Том 5 (кн. 1) продолжает знакомить читателя с прозаическими переводами Сергея Николаевича Толстого (1908–1977), прозаика, поэта, драматурга, литературоведа, философа, из которых самым объемным и с художественной точки зрения самым значительным является «Капут» Курцио Малапарте о Второй Мировой войне (целиком публикуется впервые), произведение единственное в своем роде, осмысленное автором в ключе общехристианских ценностей. Это воспоминания писателя, который в качестве итальянского военного корреспондента объехал всю Европу: он оказывался и на Восточном, и на Финском фронтах, его принимали в королевских домах Швеции и Италии, он беседовал с генералитетом рейха в оккупированной Польше, видел еврейские гетто, погромы в Молдавии; он рассказывает о чудотворной иконе Черной Девы в Ченстохове, о доме с привидением в Финляндии и о многих неизвестных читателю исторических фактах. Автор вскрывает сущность фашизма.
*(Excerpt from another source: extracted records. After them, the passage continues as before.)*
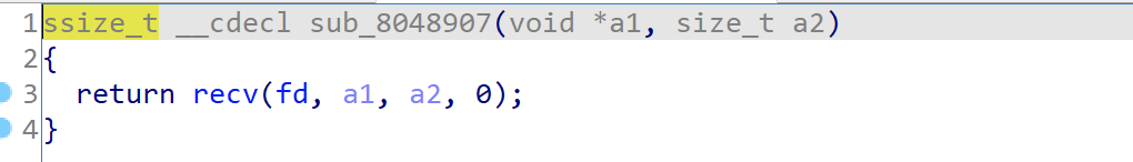 인자로 넣은 v2와 100을 a1, a2로 하여 recv 함수로 반환하고 있다.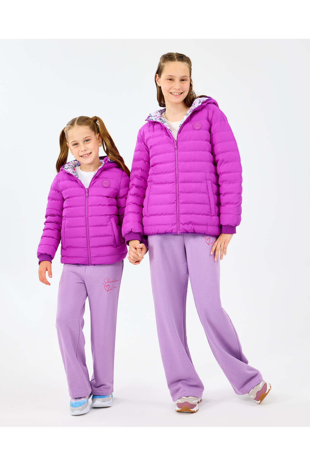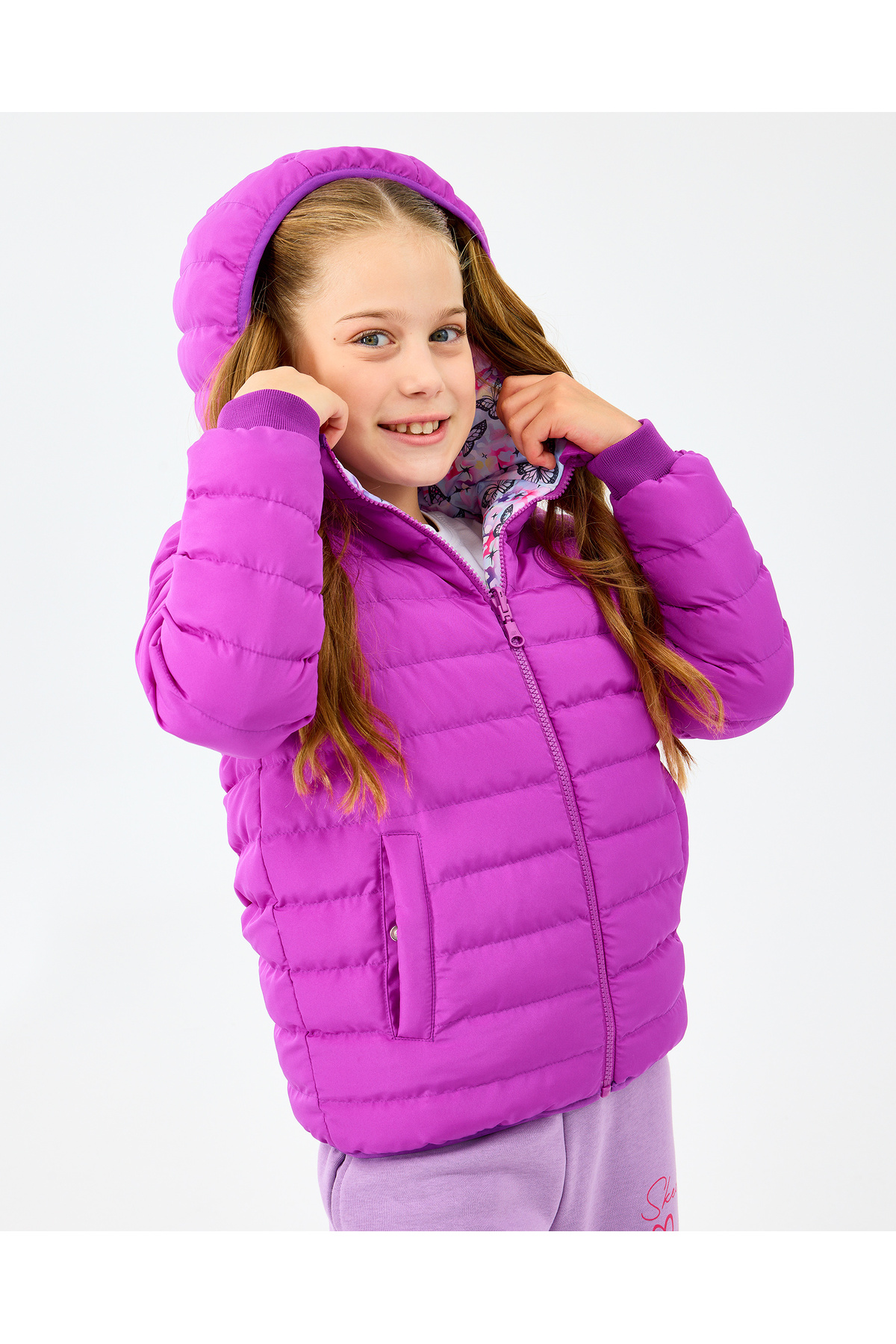 کاپشن پفی دو طرفه G برای دختران بزرگ، کاپشن دو طرفه بنفش SK2520079-4069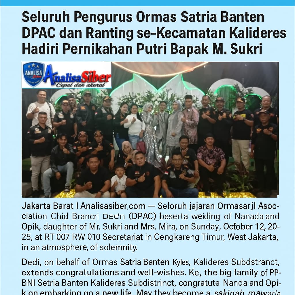 Jakarta Barat | Analisasiber.com — Seluruh jajaran pengurus Organisasi Masyarakat (Ormas) PPBNI Satria Banten Dewan Pimpinan Anak Cabang (DPAC) beserta ranting se-Kecamatan Kalideres menghadiri acara pernikahan pasangan Nanda dan Opik, putri tercinta dari Bapak M. Sukri dan Ibu Mira.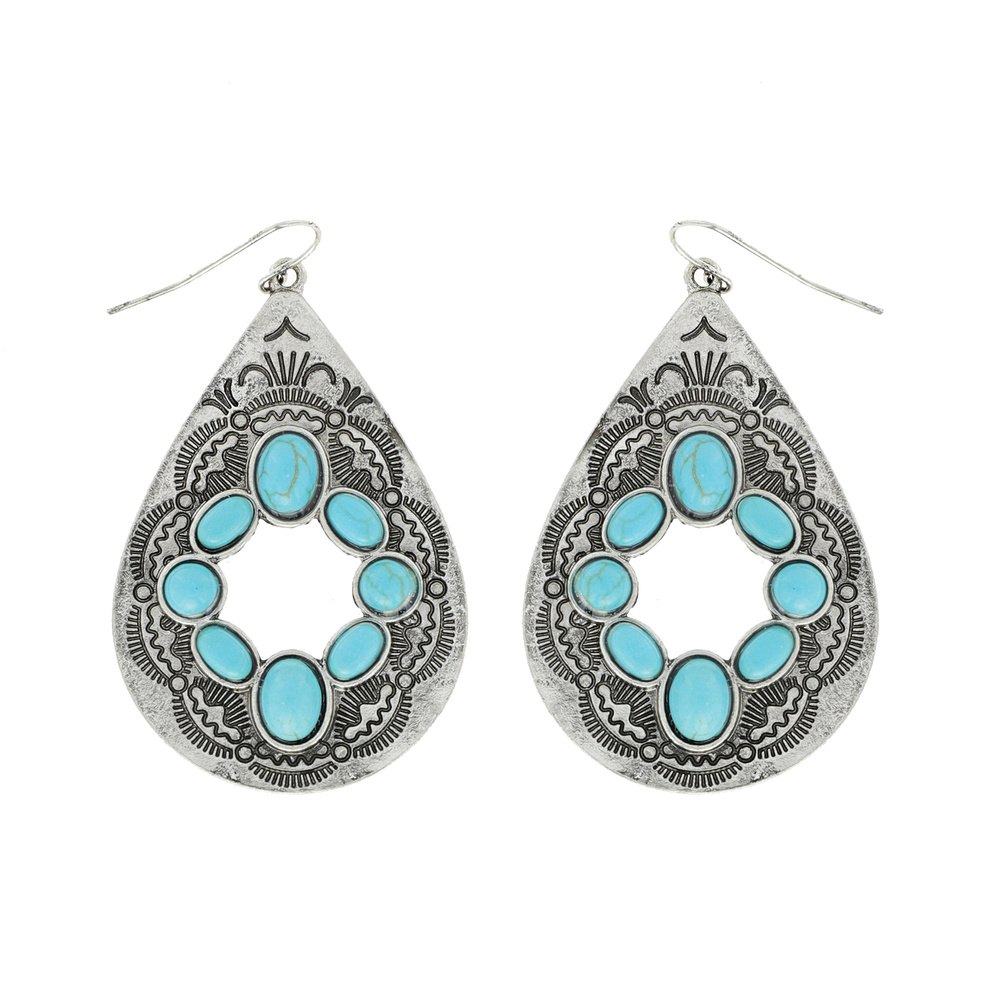 Teardrop - Vintage Western Style Semi Stone Inlay Fish Hook Dangle Earrings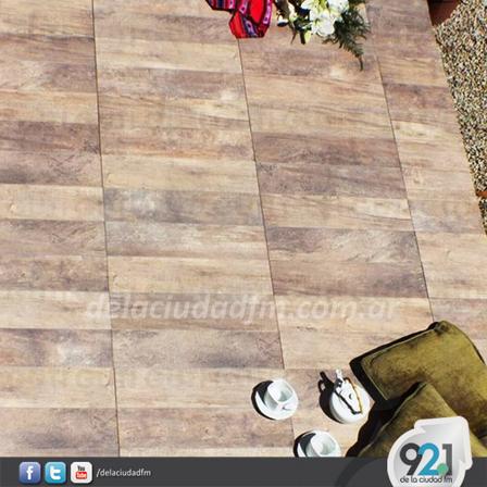 El piso cerámico modelo madera lenga cuesta 145 pesos el metro cuadrado en el salón de calle Ruperto Tanco esquina Diagonal Misiones.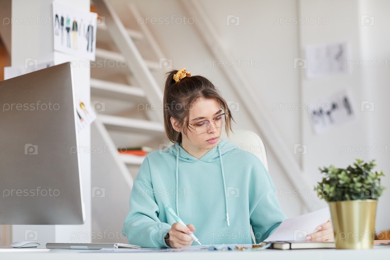 Серьезная молодая женщина в очках и капюшоне сидит за столом и анализирует эскизы для веб-проекта
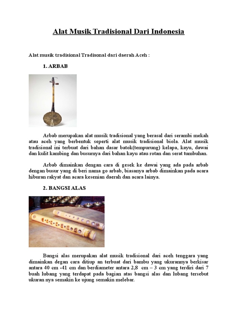Doc Alat Musik Tradisional 34 Provinsi Indonesia Dan Gambar | Download Gambar

Несмотря на трагическую, жестокую реальность описываемых событий, перевод нередко воспринимается как стихи в прозе — настолько он изыскан и эстетичен.Эту эстетику дополняют два фрагментарных перевода: из Марселя Пруста «Пленница» и Эдмона де Гонкура «Хокусай» (о выдающемся японском художнике), а третий — первые главы «Цитадели» Антуана де Сент-Экзюпери — идеологически завершает весь связанный цикл переводов зарубежной прозы большого писателя XX века.Том заканчивается составленным С. Н. Толстым уникальным «Словарем неологизмов» — от Тредиаковского до современных ему поэтов, работа над которым велась на протяжении последних лет его жизни, до середины 70-х гг.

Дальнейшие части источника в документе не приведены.